Saturday, November 18, 2017

House of Pancakes (1997)

Director: Onur Tukel

Writer: Onur Tukel

Composer: ???

Starring: Erik Frey, Kristin Miani, David Wade, Nat Taylor, Kirk Wilson, Larry Pallatta, Portia Thomas, Jenny Morris, Kenneth Lentz, Diane Eidmann

More info: IMDb

Tagline: A dramatically comical romantic horror film.

Plot: Joey's first date with Dailey is a candlelit dinner at his house he shares with three roommates and nothing goes well.



My rating: 6.5/10

Will I watch it again?  No.

Most first dates don't end with a dead body.  That's a better tagline than what they went with.  This is not a horror movie in the slightest unless you classify horror as something that goes horribly wrong.  This picture is directly influenced by CLERKS (1994) and PULP FICTION (1994).  If you're more than just familiar with those two films then you will recognize characters, situations, dialogue and an overall vibe to certain moments. Now, despite all of that, writer/director Tukel (who will later go on to make DING-A-LING-LESS (2001) and BLACK MAGIC FOR WHITE BOYS (2017)) does a great job.  It's a good first movie.  I'm impressed.  Probably because it's a first film, it's got issues that keep it from being an excellent first film.  It relies way too much on the influences of Smith & Tarantino.  But this is from '97 and how many of us saw those movies back then and didn't get inspired?

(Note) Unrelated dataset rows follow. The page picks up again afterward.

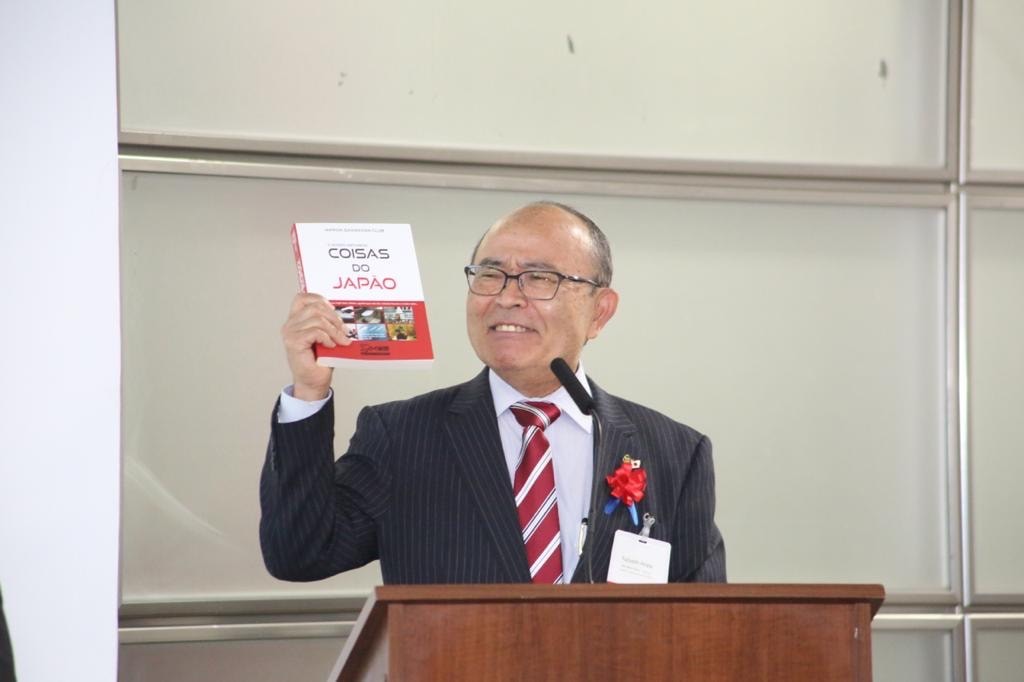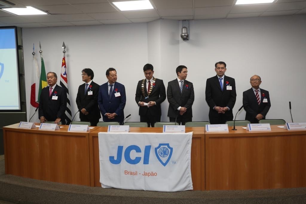 JCI Brasil-Japão は1982年、当会議所内で産声をあげ、親の代名詞として当所はカマロン(Camarão)の名で親しまれている。平田事務局長が最初に祝辞を述べた。また持参した当会議所でベストセラーになっているポル語版の「世界が感謝!日本のもの」を参加者(特に若手起業家達向け)に紹介、日本のテクノロジーでブラジルの競争力を上げようと呼び掛け、心を込めブラジル日本青年会議所(マルセロ新会頭)に1冊贈呈した。
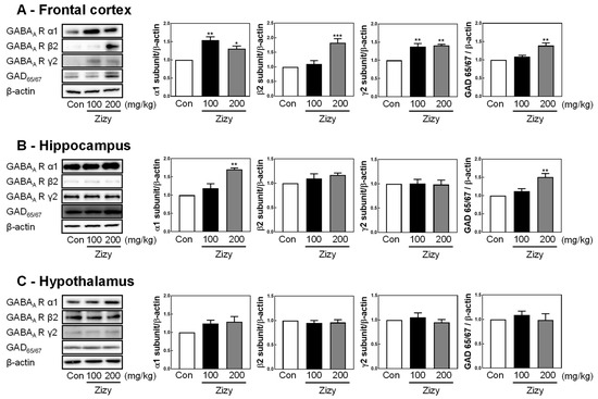 Effects of Zizy extract on the modulation of GAD65/67 and GABAA receptor subunits. Western blot analysis of (A) rat frontal cortex, (B) hippocampus, and (C) hypothalamus after EEG analysis. The presented findings represent the results from three separate experiments, with quantification data provided in the right panel. Data are expressed as the mean ± SEM (n = 3) and were analyzed by one-way ANOVA followed by Tukey’s post hoc test. * p < 0.05, ** p < 0.01, and *** p < 0.001 compared with the control group. Zizy, Zizyphi Semen extract.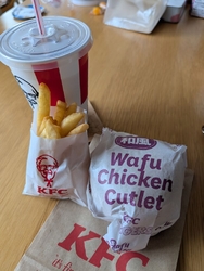 アプリのネット注文限定クーポンでチキン&ビスケット&コールスロー&ドリンクのセットが550円!安~い♪時間指定で待たずにゲットでき美味しくいただきました☆ (訪問:2025/08/02)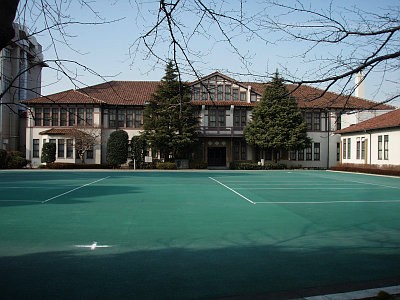 かつては校外から上のような姿も見ることができたが、現在はその前に新たな校舎が建って見ることができない。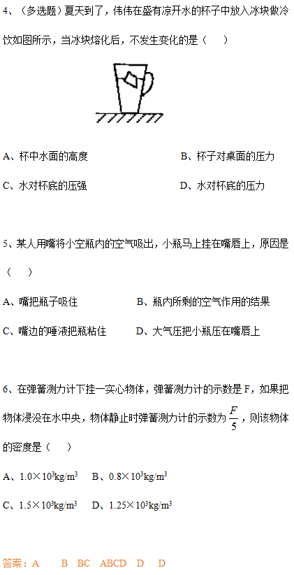 在初中物理考試中經(jīng)常出現(xiàn)的是浮力與壓強(qiáng)綜合考察。所以今天大師就為大家整理了這樣的題哦~快一起看一下吧!

I can't fault Tukel much for that because he not only made a movie but he kept the filmmaking ball rolling for twenty more years with an additional ten movies under his belt.  The picture is often funny so until someone started killing someone else, this played out as a comedy much like CLERKS (plus it's in B&W).  It's only in the last twenty minutes that shit gets more serious but it still hangs onto the humor.  Again, I fail to see how this even touches on horror.  Anyway, since the film relies so much on humor, the picture has a tough time transitioning into the seriousness of murder and it doesn't work well enough.  Well, it doesn't if they were going for hard drama.  Maybe the intention was to keep it light.  There's a stretch in the last act where it feels like it could go either way but then it's still suffering from not committing to one or the other.  The performances are good but keeping the camera on the actors for too long has the characters overstaying their welcome (like when Koto shows up at the door and won't shut up).  It probably sounds like I didn't dig the picture but I really did and I would definitely recommend this to Kevin Smith fans and anyone else interested in a good, independent, low budget comedy that's heavy on dialogue but has likeable characters.